Weaknesses of the paper:
- Limited Language Diversity: SWE-Bench MultiModal introduces only JavaScript alongside Python, failing to encompass a broader range of programming languages needed for a truly generalizable benchmark.
- Lack of Innovation: The benchmark appears to be a minor extension of SWE-Bench rather than a significant advancement, lacking the innovative foundation seen in the original benchmark.
- Insufficient Test Quality Enhancements: While some "flaky" tests were filtered, the overall number of Fail to Pass tests remains low, indicating a need for more rigorous test quality improvements and potential test augmentation.
- Narrow Evaluation Metrics: The reliance on binary pass/fail metrics overlooks the complexities of real-world software development, suggesting a need for additional intermediate metrics to provide deeper insights into the problem-solving process.
- Oversimplified Baseline Adaptation: The evaluation methodology's reliance on merely swapping Python AST parsers for JavaScript parsers raises concerns about the thoroughness of adaptations and the validity of conclusions regarding the systems' generalization capabilities.
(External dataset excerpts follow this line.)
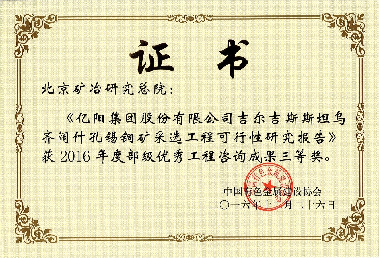 亿阳集团股份有限公司吉尔吉斯斯坦特鲁达沃耶锡铜矿采选工程可行性研究报告
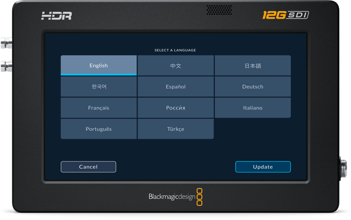 这款产品全面支持多语种操作,让您从此突破语言屏障!支持语言包括英语、中文、日语、韩语、西班牙语、德语、法语、俄语、意大利语、葡萄牙语以及土耳其语。首次开机时,Video Assist会显示菜单提示您选择语种,您也可以在菜单里切换语种。选定后,屏幕上显示的叠加文字会更改到相应语言显示,而视频输出画面上启用的叠加显示也会更改到所选语种。这意味着,任何国家和地区的制作团队都能顺利使用Video Assist,因为您可以根据需要随时到菜单中更改语言!
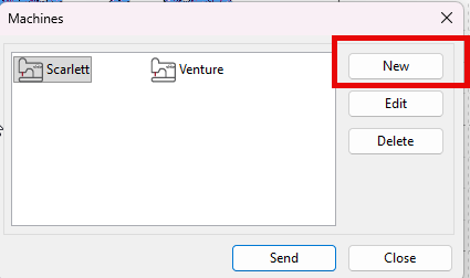 Now that it is set up you will see the name of your machine, select it (mine is Scarlet or Venture) Then hit send. You will find the designs in the Wi-Fi pocket of your machine.
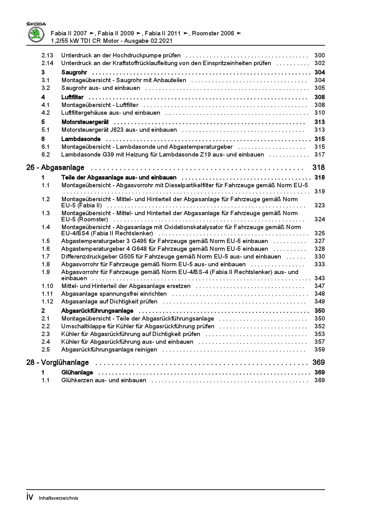 Der Skoda Fabia II Reparaturleitfaden ist ein lizenzierter Nachdruck der originalen Werkstattunterlagen. Diese Anleitung wird von Vertragswerkstätten verwendet und enthält alle technischen Informationen für fachgerechte Reparaturen.
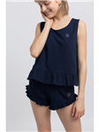 Šortky jsou vyrobeny z jemného materiálu a mají jemné volánky , které dodávají ženský šarm a lehkost. Jejich volný střih zajišťuje volnost pohybu a pohodlí.
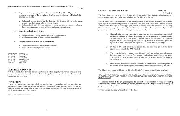 Enfield Public Schools is committed to the implementation of this law by providing the staff and , upon request , the parents and guardians of each child enrolled in each school with a written statement of the school district ’ s green cleaning program , as well as making it available on its web site annually . The administrative regulation will also be distributed to new staff hired during the school year and to parents or guardians of students transferring in during the school year .
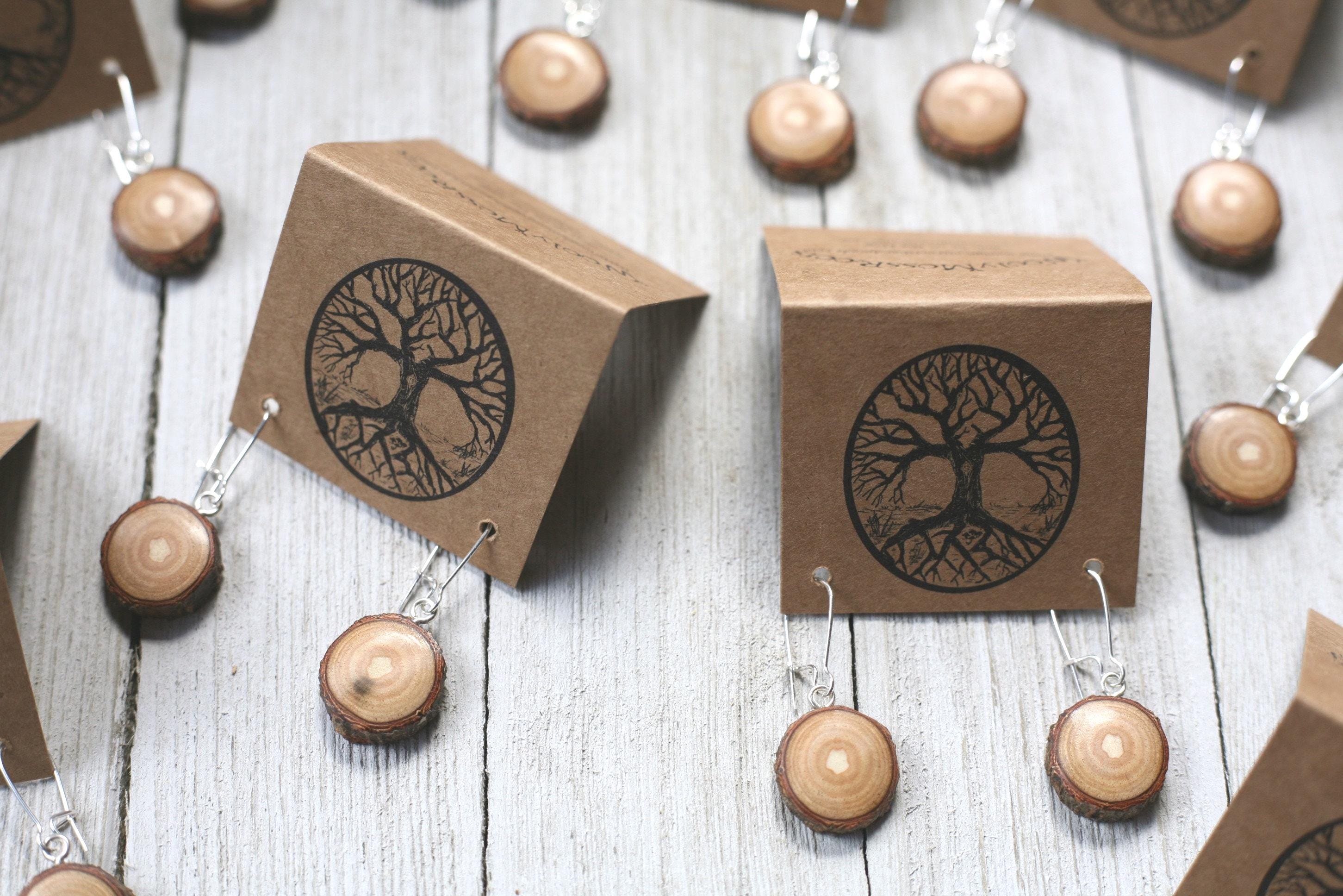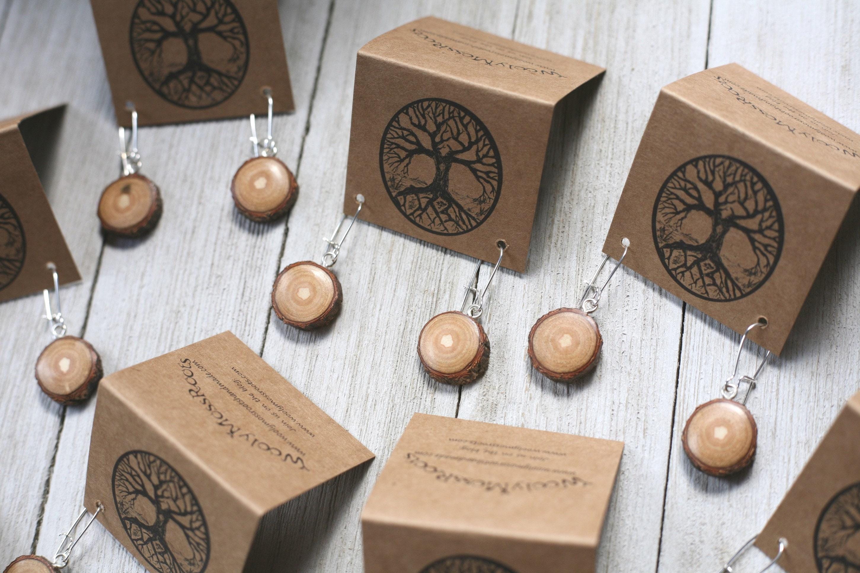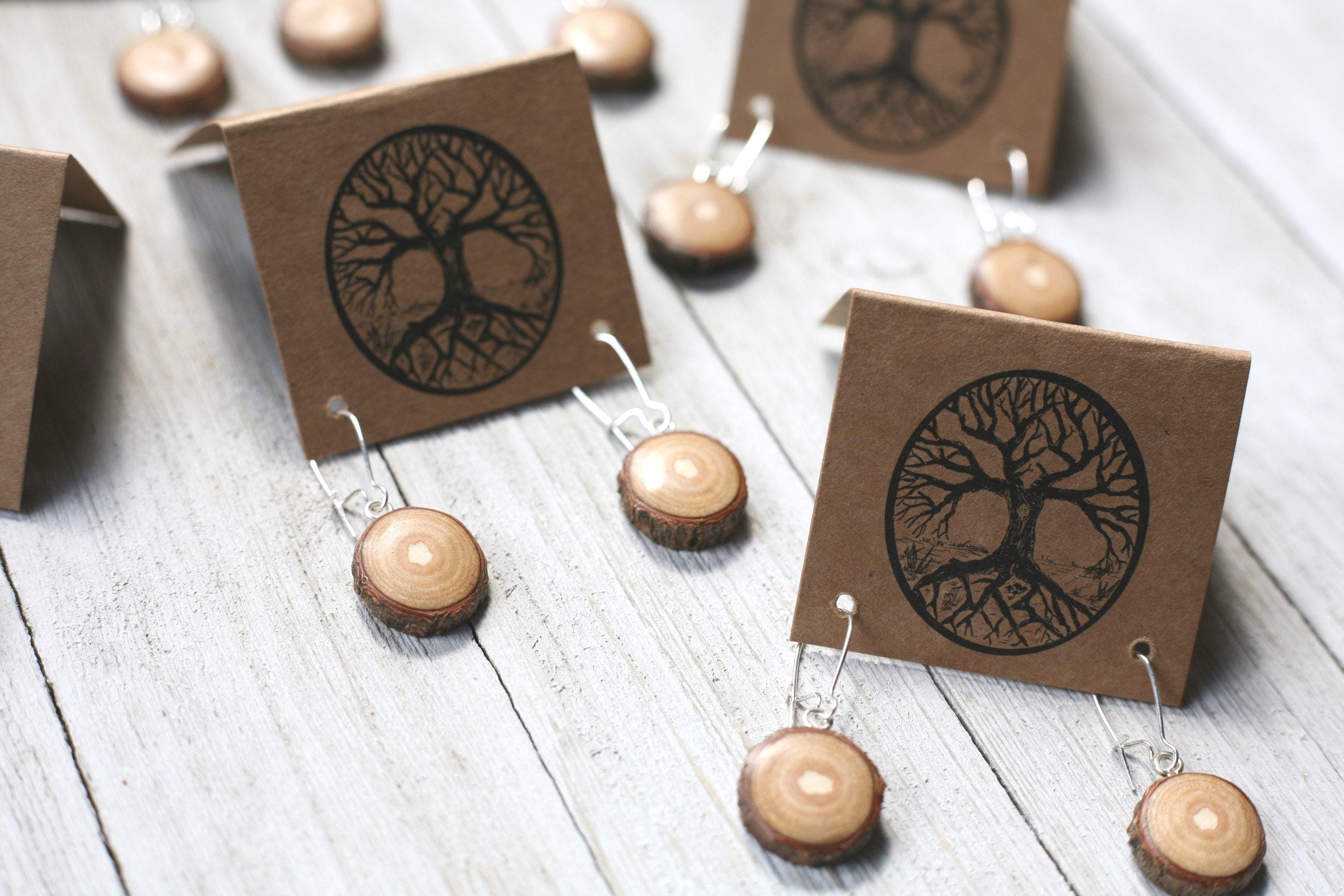 Our handmade earrings make wonderful gifts! These earrings were created by my husband Jeff in sassafras wood. I love the variety of colors in this wood, the textured bark around the edges, the rings of growth, and the bright spot in the center. He sands and polishes the earrings so smooth, you'll love the way they feel. All the sanding and polishing also brings out the beauty of the wood, and makes it glow. (They've gone through a process to help keep the bark on, more on that below.) These earrings are nice and lightweight and they come on silver plated ear wires.
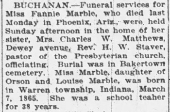FLORENCE "FANNIE" LOUISA10 MARBLE (ORSON OLIVER9, JOSEPH JR.8, JOSEPH7, BENJAMIN6, JOSEPH5, JOSEPH4, JOSEPH3, JOHN2, MARBLE1), daughter of ORSON OLIVER MARBLE and his wife, LOUISA ADAMS HOLMES, was born March 07, 1865 in South Bend, St. Joseph County, Indiana, and died October 25, 1926 in Phoenix, Maricopa County, Arizona.
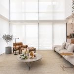 AKTA’s interior for this Vilnius home is built around material contrast and spatial clarity. The layout is open and uninterrupted, connecting the entrance, kitchen, dining, and living areas with minimal barriers. In the living room area, low-profile modular sofas face a textured wall of stone and ribbed panels. Natural stone is used throughout on walls, […]
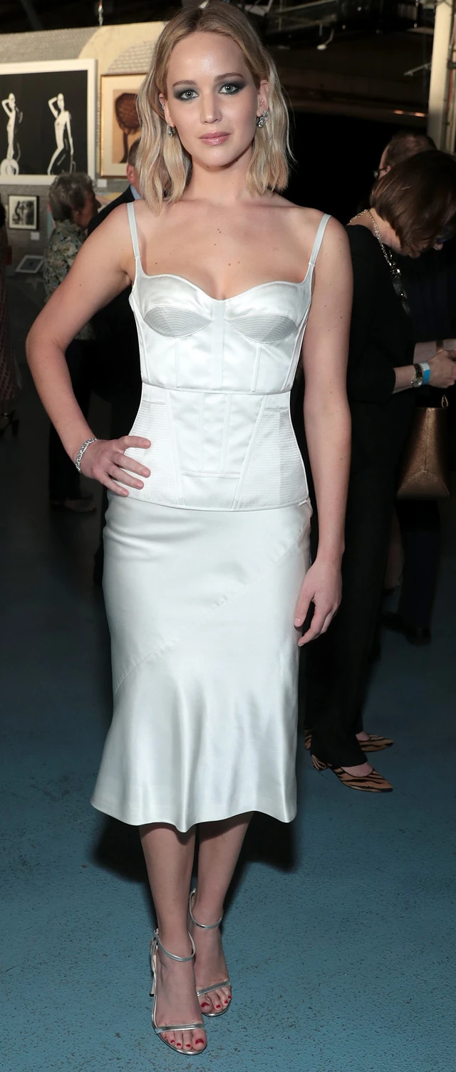 A színésznő egy testhez simuló, fehérneműre emlékeztető, selyem ruhát viselt, amiben elképesztően szexi volt.
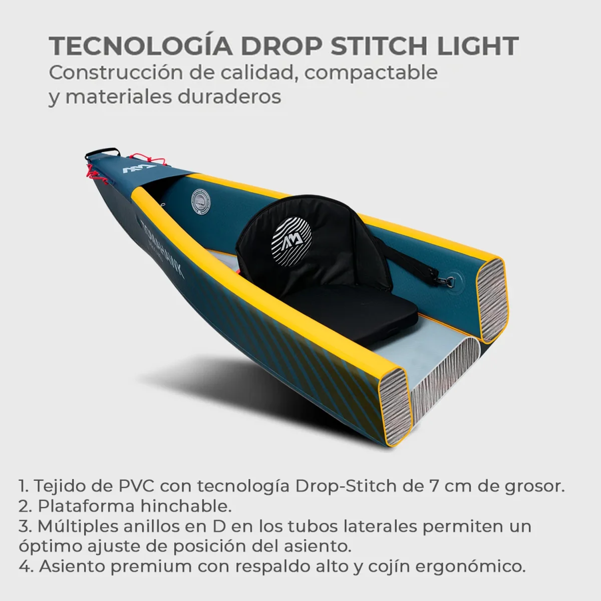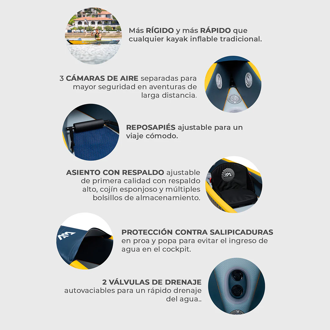 - Más rígido y más rápido que cualquier kayak inflable tradicional
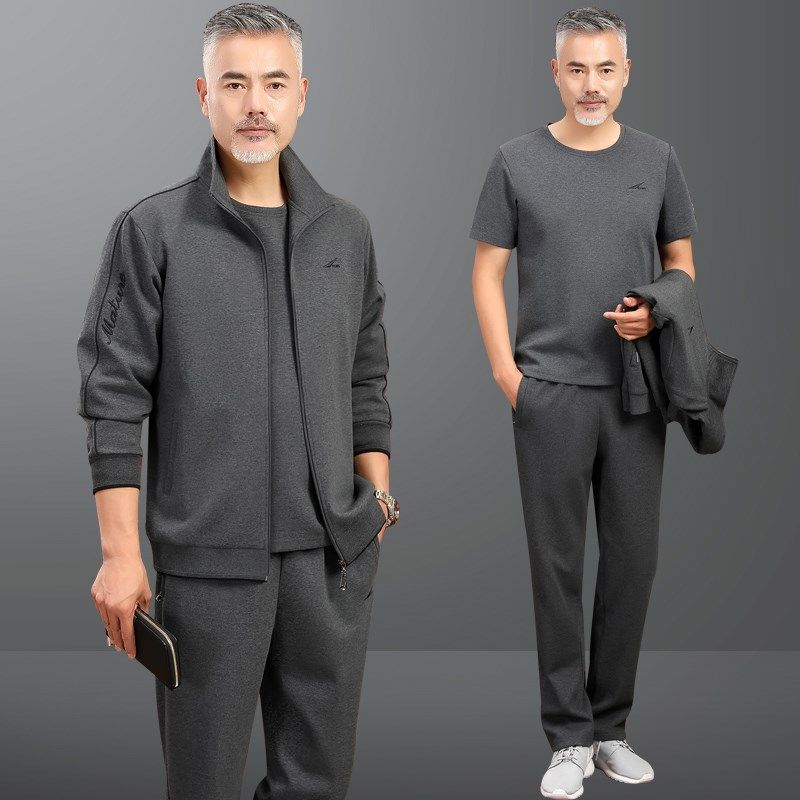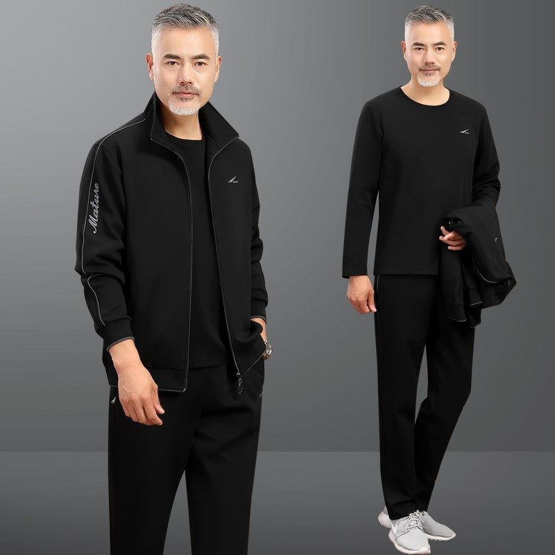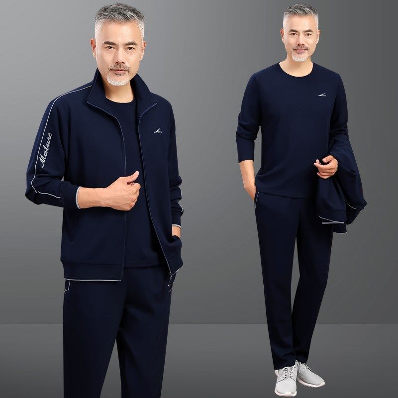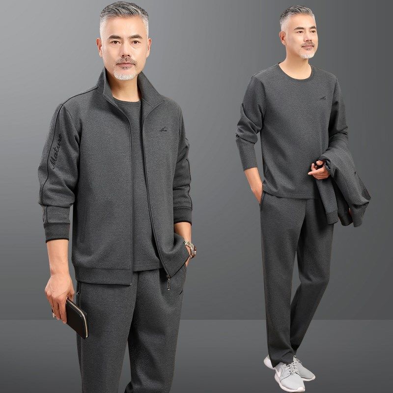 高档中老年运动套装男春秋冬季中年人爸爸装休闲运动服男士三件套
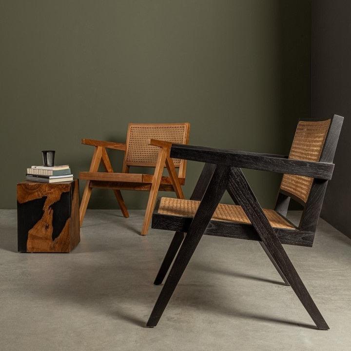 Fotoliu din lemn de tec, finisaj natural cu vopsea nitrocelulozica, spatar cu ratan.
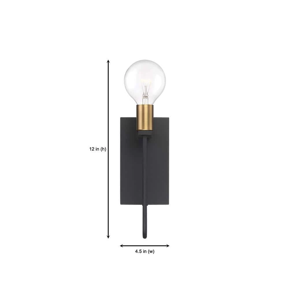 Finished in black and paired with old satin brass accents, Ravella combines modern industrial design with a touch of mid-century flair. This wall mounted light is designed for easy installation in damp locations such as bathrooms and vanity areas. It is quality built to last for years to come.
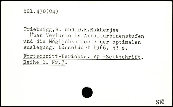 Über Verluste in Axialturbinenstufen und die Möglichkeiten einer optimalen Auslegung. Dusseldorf 1966.
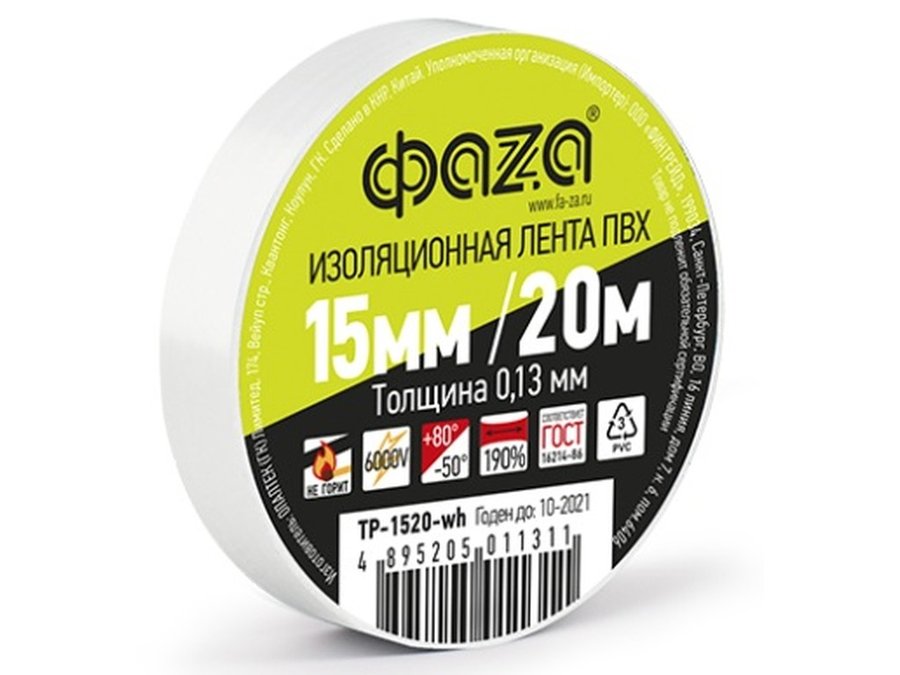 В корзину Купить в 1 клик Изолента 15мм х 20метров белая ФАZA ТР-1520

Reason for the decision: During the rebuttal, the authors addressed each concern raised by the reviewers. Most of these concerns were conceptual, and the authors clarified their positions without the need for additional experiments. I find it challenging to reach a decision regarding the paper due to the divergence in opinions among the reviewers. Two reviewers recommend a weak accept, while the other two advocate for rejection, with one strongly opposing the paper. On one hand, SWE-Bench M is an incremental extension of SWE-bench that primarily introduces JavaScript with multimodal inputs. On the other hand, SWE-bench M provides valuable insights into the limitations of existing software engineering LLMs and serves as a solid resource for assessing visual reasoning capabilities in coding tasks. Given that multimodality is increasingly important—not only in software engineering but across various fields—and considering the emergence of more powerful LLMs with advanced coding capabilities (like OpenAI's o3), I slightly leaning to accept this paper because this benchmark may offer significant contributions to advancing LLM research.
审稿人讨论附加意见
As discussed above, most of these concerns were conceptual, and the authors clarified their positions without the need for additional experiments. The authors did response to each concern raised by the reviewers, but none of the reviewers changed their ratings.